***** AVAILABLE DATA
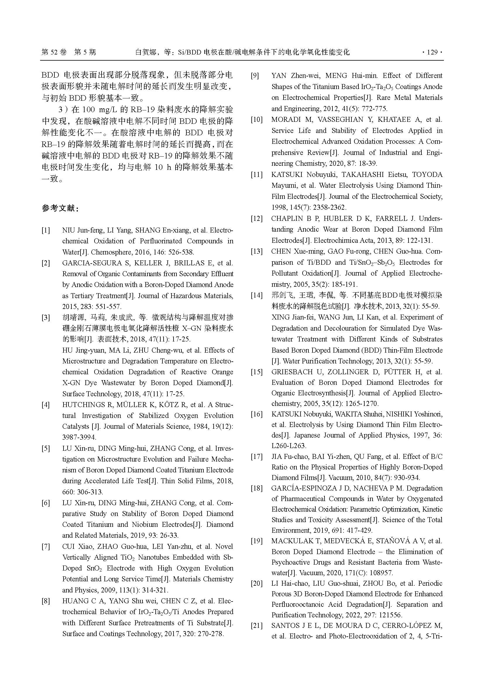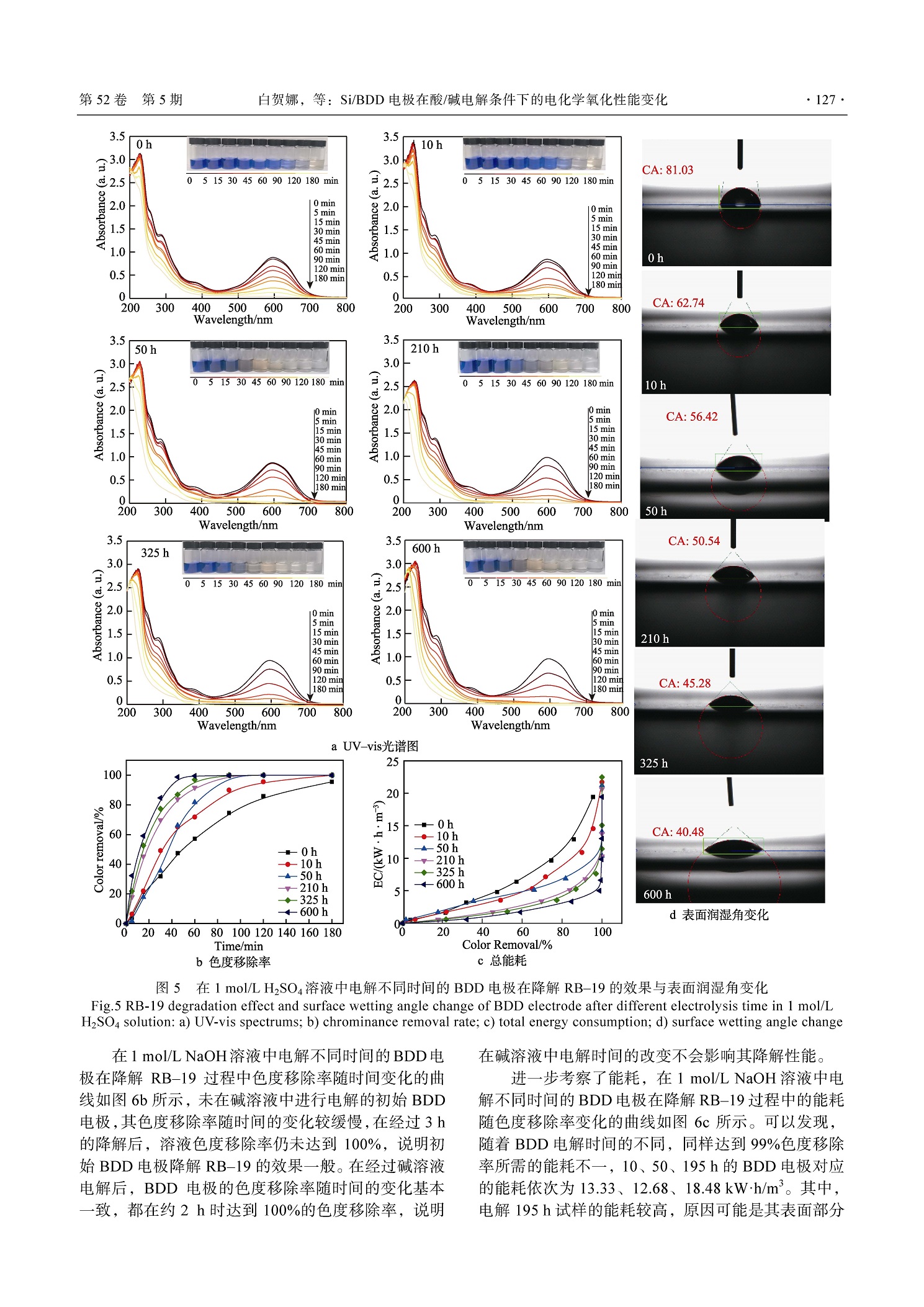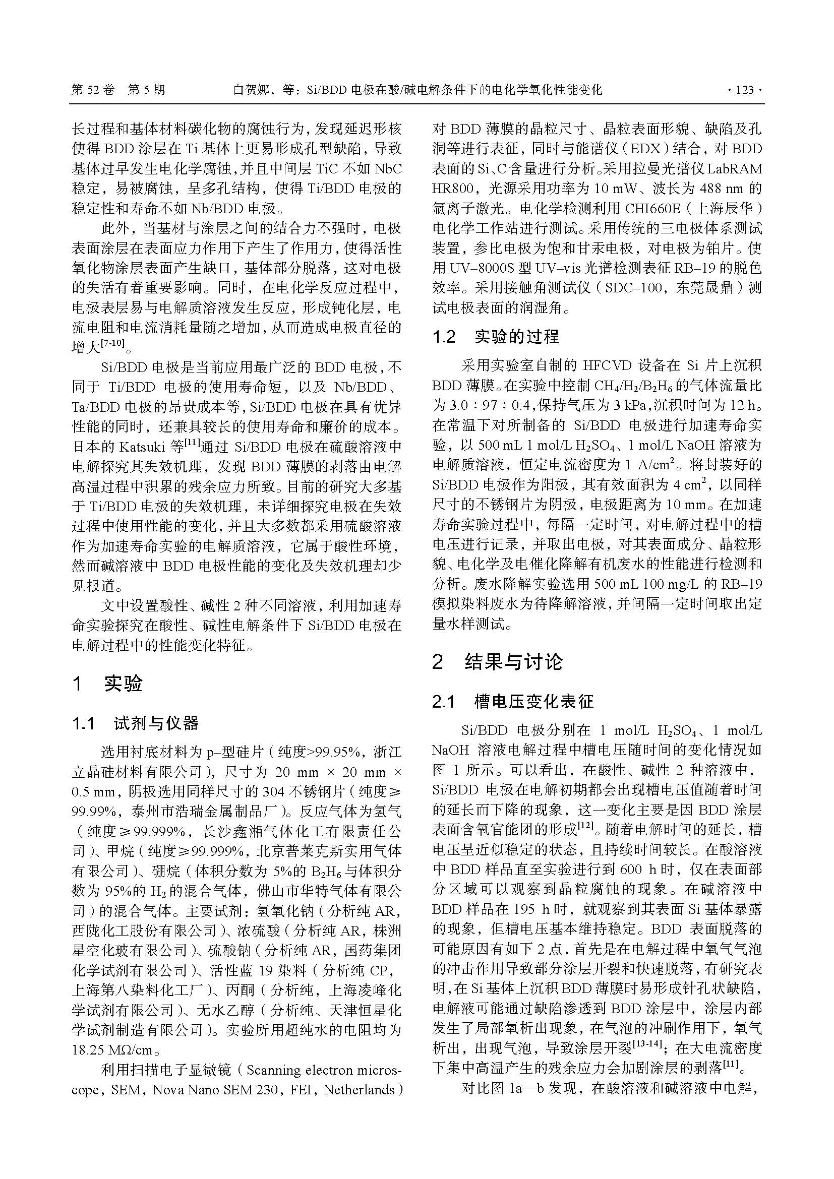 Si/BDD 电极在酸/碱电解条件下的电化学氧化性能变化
**********
***** AVAILABLE DATA
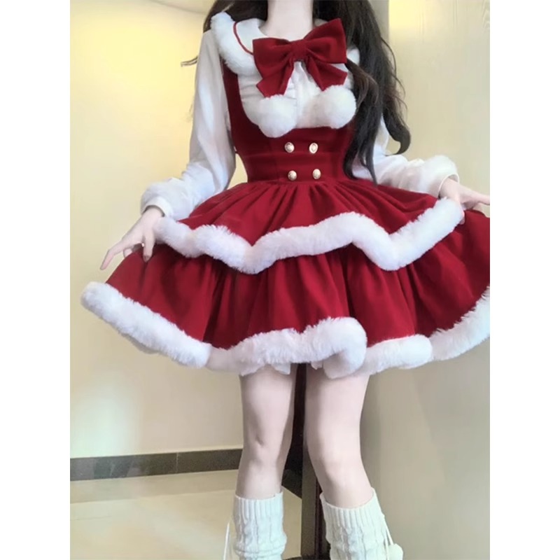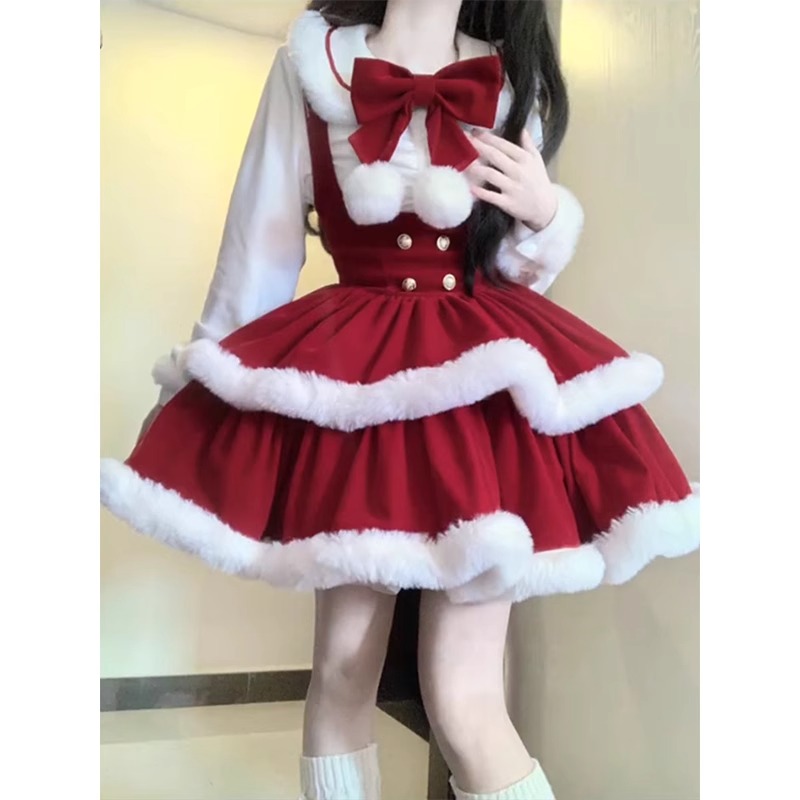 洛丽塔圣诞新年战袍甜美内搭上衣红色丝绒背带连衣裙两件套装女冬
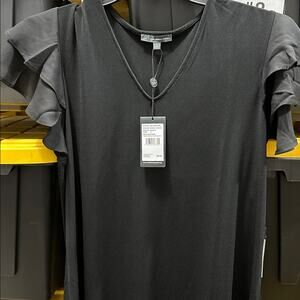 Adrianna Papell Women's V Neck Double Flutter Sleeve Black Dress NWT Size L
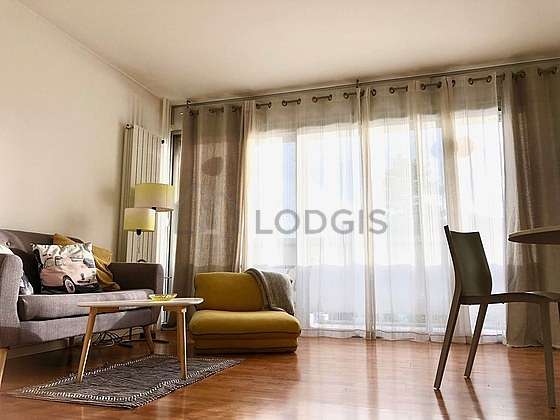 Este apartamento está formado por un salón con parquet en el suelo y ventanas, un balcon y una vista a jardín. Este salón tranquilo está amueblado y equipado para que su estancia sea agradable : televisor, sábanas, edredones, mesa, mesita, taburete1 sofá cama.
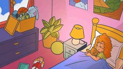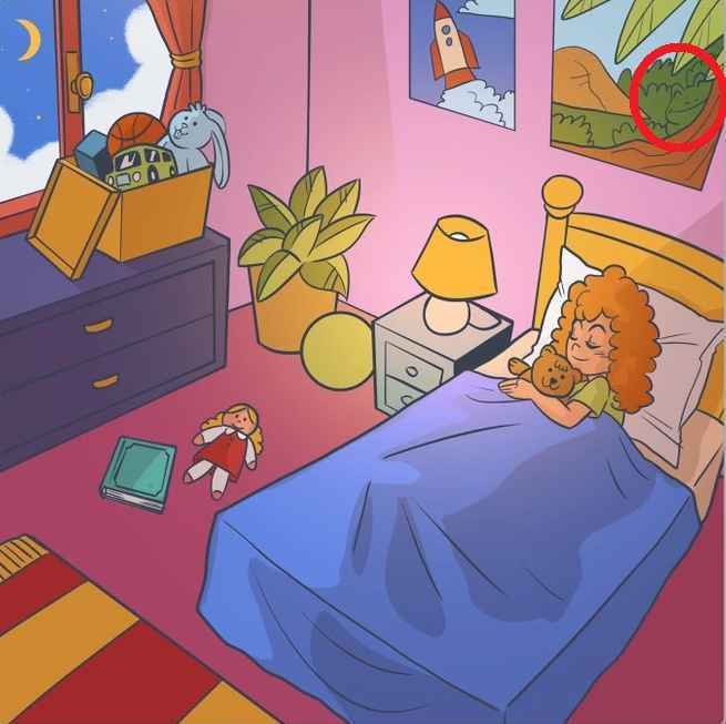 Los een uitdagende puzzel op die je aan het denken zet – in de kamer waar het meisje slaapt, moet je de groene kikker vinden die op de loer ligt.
**********
## PROBLEM TO WORK ON
Working from the entries above, please transcribe only the lines from the line with "Este apartamento está" through the line with "Los een uitdagende", exactly, with both end lines and without pictures.

## ANSWER
 Este apartamento está formado por un salón con parquet en el suelo y ventanas, un balcon y una vista a jardín. Este salón tranquilo está amueblado y equipado para que su estancia sea agradable : televisor, sábanas, edredones, mesa, mesita, taburete1 sofá cama.
 Los een uitdagende puzzel op die je aan het denken zet – in de kamer waar het meisje slaapt, moet je de groene kikker vinden die op de loer ligt.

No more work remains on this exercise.